DORA chapter II, Articles 5 to 16 mandates that financial entities establish robust risk management tools, methods, processes, and policies. The chapter outlines several key requirements for financial entities, including but not limited to:

• Structuring their organization and internal governance effectively.
• Establishing an ICT risk management framework as a part of their overall risk management system.
• Utilizing and maintaining ICT systems, protocols, and tools.
• Identifying, classifying, and adequately documenting all ICT-supported business functions, roles, and responsibilities.
• Adequately protecting ICT systems and organizing response measures.
• Promptly detecting and responding to anomalous activities.
• Implementing a comprehensive ICT business continuity policy.
• Ensuring the restoration of ICT systems and data with minimal downtime, disruption, and loss.
• Gathering information on vulnerabilities, cyber threats, and ICT-related incidents, particularly cyber-attacks, and analysing their potential impact on digital operational resilience.
• Facilitating the responsible disclosure of major ICT-related incidents or vulnerabilities to clients, counterparts, and, where appropriate, the public.
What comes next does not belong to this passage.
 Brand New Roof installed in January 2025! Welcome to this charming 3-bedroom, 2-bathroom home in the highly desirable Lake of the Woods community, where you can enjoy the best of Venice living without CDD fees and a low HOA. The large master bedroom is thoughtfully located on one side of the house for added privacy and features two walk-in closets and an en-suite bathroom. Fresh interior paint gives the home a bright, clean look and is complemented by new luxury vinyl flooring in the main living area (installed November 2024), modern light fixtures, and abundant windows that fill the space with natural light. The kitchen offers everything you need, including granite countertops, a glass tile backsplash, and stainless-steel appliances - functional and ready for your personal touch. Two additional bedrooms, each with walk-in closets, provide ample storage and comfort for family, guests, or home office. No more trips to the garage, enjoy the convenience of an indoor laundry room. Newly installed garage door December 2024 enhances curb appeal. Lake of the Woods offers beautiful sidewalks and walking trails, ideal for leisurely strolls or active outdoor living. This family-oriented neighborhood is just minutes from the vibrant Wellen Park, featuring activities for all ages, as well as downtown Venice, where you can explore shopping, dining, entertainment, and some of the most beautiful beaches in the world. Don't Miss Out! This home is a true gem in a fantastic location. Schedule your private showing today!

ICT-related incident management and digital operational resilience testing

DORA chapter III, Article 17 to 23 and Chapter IV, Article 24 to 27 regulate issues such as ICT-related incident management and digital operational resilience testing. The chapters outline several key requirements for financial entities, including but not limited to:

• Financial entities shall establish processes to detect, manage, and notify ICT-related incidents.
• All ICT-related incidents and significant cyber threats must be recorded, and root causes must be identified and addressed.
• Financial entities must report major ICT-related incidents to relevant competent authorities using standard templates. Financial entities must also inform clients affected by major incidents and provide appropriate guidance for significant cyber threats.
• Financial entities must implement a comprehensive digital operational resilience testing program as part of their ICT risk management framework. This program helps assess preparedness for ICT-related incidents and identify weaknesses. Testing should be risk-based, considering the evolving ICT landscape.
• The digital operational resilience testing program shall provide, in accordance with the risk-based approach, for the execution of appropriate tests, such as vulnerability assessments and scans, open-source analyses, network security assessments, gap analyses, physical security reviews, questionnaires and scanning software solutions, source code reviews where feasible, scenario-based tests, compatibility testing, performance testing, end-to-end testing and penetration testing.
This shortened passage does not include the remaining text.